On Fri, Mar 22, 2019 at 9:45 PM Yang Shi <yang.shi@xxxxxxxxxxxxxxxxx> wrote:
>
> When running applications on the machine with NVDIMM as NUMA node, the
> memory allocation may end up on NVDIMM node. This may result in silent
> performance degradation and regression due to the difference of hardware
> property.
>
> DRAM first should be obeyed to prevent from surprising regression. Any
> non-DRAM nodes should be excluded from default allocation. Use nodemask
> to control the memory placement.
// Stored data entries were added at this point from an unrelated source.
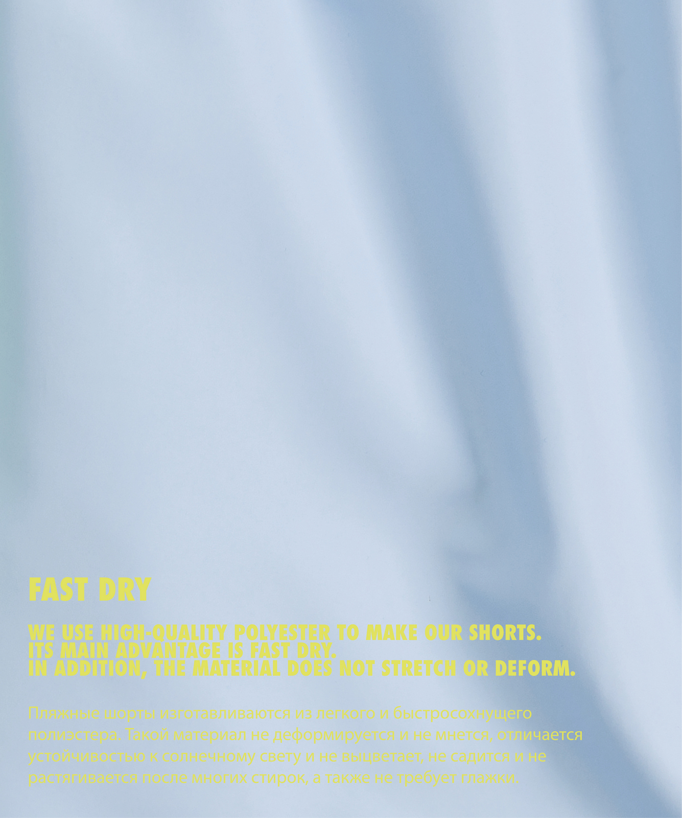Полиэстер – это высокопрочное, приятное на ощупь, легкое синтетическое волокно, которое не деформируется и не мнется. Изделия из полиэстера после стирок не садятся и не растягиваются, а также быстро сохнут и практически не требуют глажки после стирки. Эта ткань отличается устойчивостью к солнечному свету и не выцветает.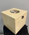 - 15x15 cm ölçülerinde doğal ahşaptan üretilmiş bu özel kutunun kapağında, amorf formda hazırlanmış ve elle boyanmış özgün bir seramik plaka yer alır.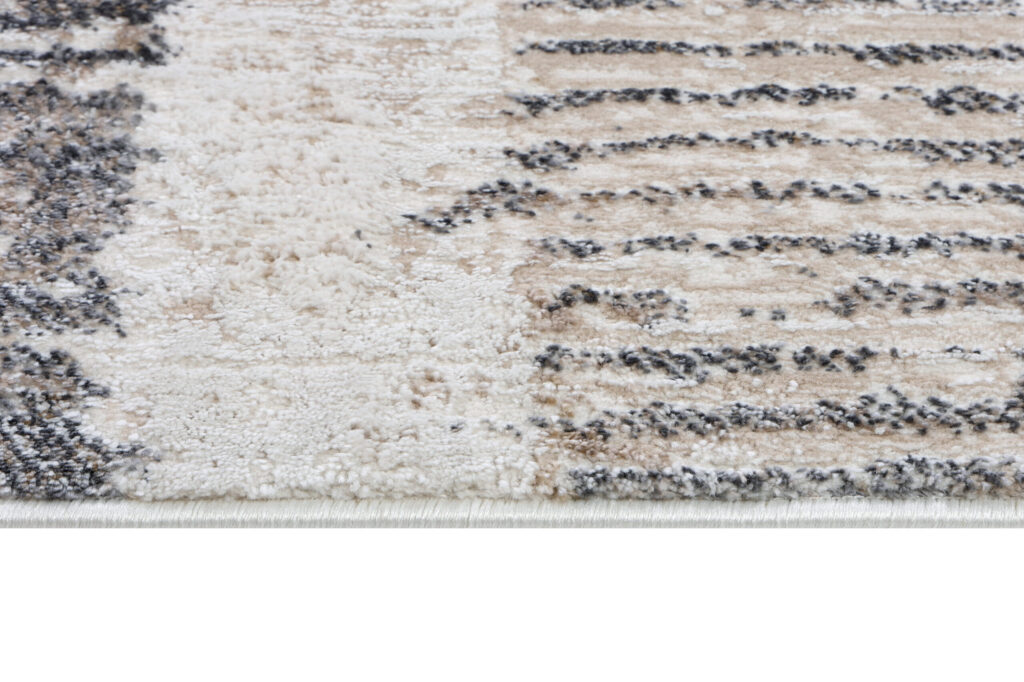 Jego wzór w odcieniach beżu, szarości i ciepłych brązów nadaje wnętrzom harmonii i wprowadza przytulny klimat, idealnie wpisując się w różne aranżacje.

Introduce def_alloc_nodemask which has
> DRAM nodes set only. Any non-DRAM allocation should be specified by
> NUMA policy explicitly.
>
> In the future we may be able to extract the memory charasteristics from
> HMAT or other source to build up the default allocation nodemask.
> However, just distinguish DRAM and PMEM (non-DRAM) nodes by SRAT flag
> for the time being.
>
> Signed-off-by: Yang Shi <yang.shi@xxxxxxxxxxxxxxxxx>
> ---
> arch/x86/mm/numa.c | 1 +
> drivers/acpi/numa.c | 8 ++++++++
> include/linux/mmzone.h | 3 +++
> mm/page_alloc.c | 18 ++++++++++++++++--
> 4 files changed, 28 insertions(+), 2 deletions(-)
>
> diff --git a/arch/x86/mm/numa.c b/arch/x86/mm/numa.c
> index dfb6c4d..d9e0ca4 100644
> --- a/arch/x86/mm/numa.c
> +++ b/arch/x86/mm/numa.c
> @@ -626,6 +626,7 @@ static int __init numa_init(int (*init_func)(void))
> nodes_clear(numa_nodes_parsed);
> nodes_clear(node_possible_map);
> nodes_clear(node_online_map);
> + nodes_clear(def_alloc_nodemask);
> memset(&numa_meminfo, 0, sizeof(numa_meminfo));
> WARN_ON(memblock_set_node(0, ULLONG_MAX, &memblock.memory,
> MAX_NUMNODES));
> diff --git a/drivers/acpi/numa.c b/drivers/acpi/numa.c
> index 867f6e3..79dfedf 100644
> --- a/drivers/acpi/numa.c
> +++ b/drivers/acpi/numa.c
> @@ -296,6 +296,14 @@ void __init acpi_numa_slit_init(struct acpi_table_slit *slit)
> goto out_err_bad_srat;
> }
>
> + /*
> + * Non volatile memory is excluded from zonelist by default.
> + * Only regular DRAM nodes are set in default allocation node
> + * mask.
> + */
> + if (!(ma->flags & ACPI_SRAT_MEM_NON_VOLATILE))
> + node_set(node, def_alloc_nodemask);

Hmm, no, I don't think we should do this. Especially considering
current generation NVDIMMs are energy backed DRAM there is no
performance difference that should be assumed by the non-volatile
flag.

Why isn't default SLIT distance sufficient for ensuring a DRAM-first
default policy?